## Prompt
Apart from the images, repeat the data below exactly as written.

## Data extract
· · ·
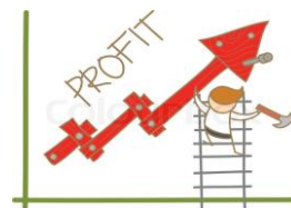
Други организации генериращи печалба
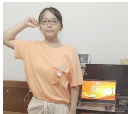
图 7：学校开展暑期线上“劳动教育”
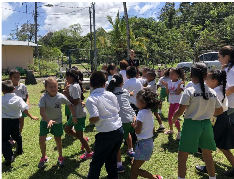
Figura 1. Juego inicial de apertura y confianza entre participantes “traigo carta para...”
· · ·
## Exercise result
Други организации генериращи печалба
图 7：学校开展暑期线上“劳动教育”
Figura 1. Juego inicial de apertura y confianza entre participantes “traigo carta para...”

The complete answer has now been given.